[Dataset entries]
--------
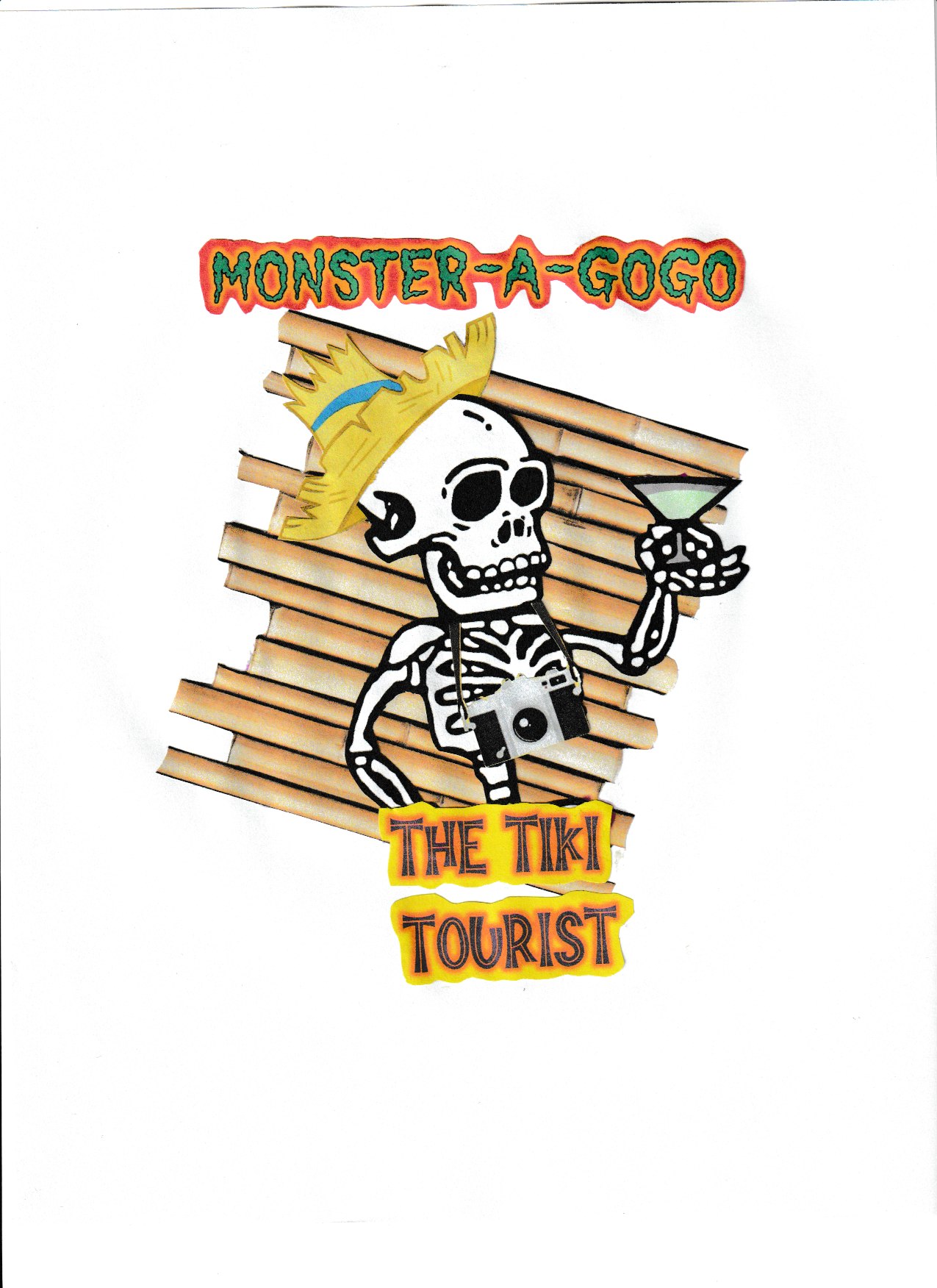 Monster-A-GoGo: The Tiki Tourist. I used the avatar that I use everywhere...and just tiki-fied it with the hat and added a camera for the tourist aspect. I printed, cut, pasted and then scanned. It came out okay...
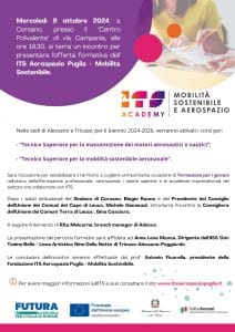 Mercoledì 9 ottobre 2024, a Corsano, presso il “Centro Polivalente” di via Campania, alle ore 18.30, si terrà un incontro per presentare l’offerta formativa dell’ ITS Aerospazio Puglia – Mobilità Sostenibile.
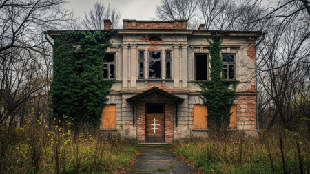 Dilapidated mansion, overgrown with vegetation, stands amidst autumn foliage, in a forest
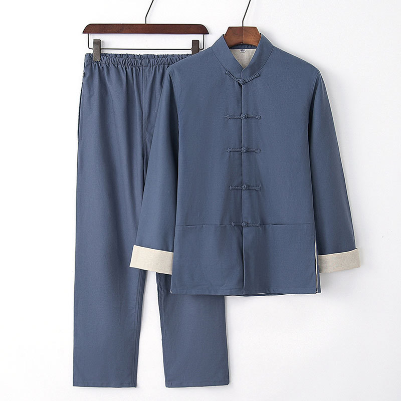 老人唐装男青年中国風コート中国式服装漢服男復古古風亜麻セット居士服
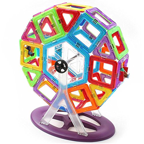 Introducing "100 pieces Deluxe Shape Set - Magnetic Stick N Stack "! This set includes 100 pieces in total. Ranging from over 50 magnetic tiles, over 10 figures and includes the well loved 2 wheel basis as well. This set includes some all NEW never before seen shapes too! You can create the picture that is on the box of this set, with the dome top - or create what your heart desires. Have in mind that since a dome is more of an oval shape, once that rounded part is build - you can't build on top of that.
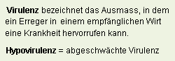 Virulenz bezeichnet das Ausmass, in dem ein Erreger in einem empfänglichen Wirt eine Krankheit hervorrufen kann.
--------
[TASK DIRECTIONS]: Could you please write out exactly the lines from the start of the entries above through the line that holds "老人唐装男青年中国風コート中国式服装漢服男復古古風亜麻セット居士服", both included, with no pictures?

[ANSWER FOR THIS EXERCISE]:
 Monster-A-GoGo: The Tiki Tourist. I used the avatar that I use everywhere...and just tiki-fied it with the hat and added a camera for the tourist aspect. I printed, cut, pasted and then scanned. It came out okay...
 Mercoledì 9 ottobre 2024, a Corsano, presso il “Centro Polivalente” di via Campania, alle ore 18.30, si terrà un incontro per presentare l’offerta formativa dell’ ITS Aerospazio Puglia – Mobilità Sostenibile.
 Dilapidated mansion, overgrown with vegetation, stands amidst autumn foliage, in a forest
 老人唐装男青年中国風コート中国式服装漢服男復古古風亜麻セット居士服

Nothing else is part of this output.